When Lucia invited me to collaborate in the script, I was very excited. First because I had never worked with cinema. Second because this was particularly interesting to me. My parents were part of the resistance to dictatorship in the 1960s and 1970s, and I grew up listening to histories of the time, living with ex-political prisoners, people who were tortured, exiled. There were many histories of pain and, however, they did not get to me and to the other children as regret, victimization.

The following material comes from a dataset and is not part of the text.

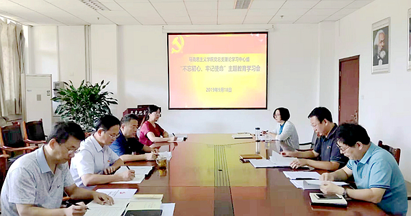 9月18日上午,马克思主义学院党总支在办公楼会议室召开了“不忘初心、牢记使命”主题教育学习会。党总支书记程乐森主持学习,理论学习中心组成员和支部书记参加学习会。

To the contrary. Although the revolution they propose has not succeeded, they never showed the feeling of defeated. The most important was to leave a critical legacy in relation to the world, an opening of thinking. If the revolution did not occur, several small revolutions occurred, fundamental changes in our position in the world.

A memória que me contam emerged as the perspective of transforming in art questions with which I lived my whole life. My dialog with Lucia was spontaneous, we understood each other very well, because we were talking about a common universe, although each one with a different view. She was a living witness. Me, the one who knew the past through memories of others.

And it was exactly this we wanted to explore: How is the live of the survivor? And how the successor builds his history?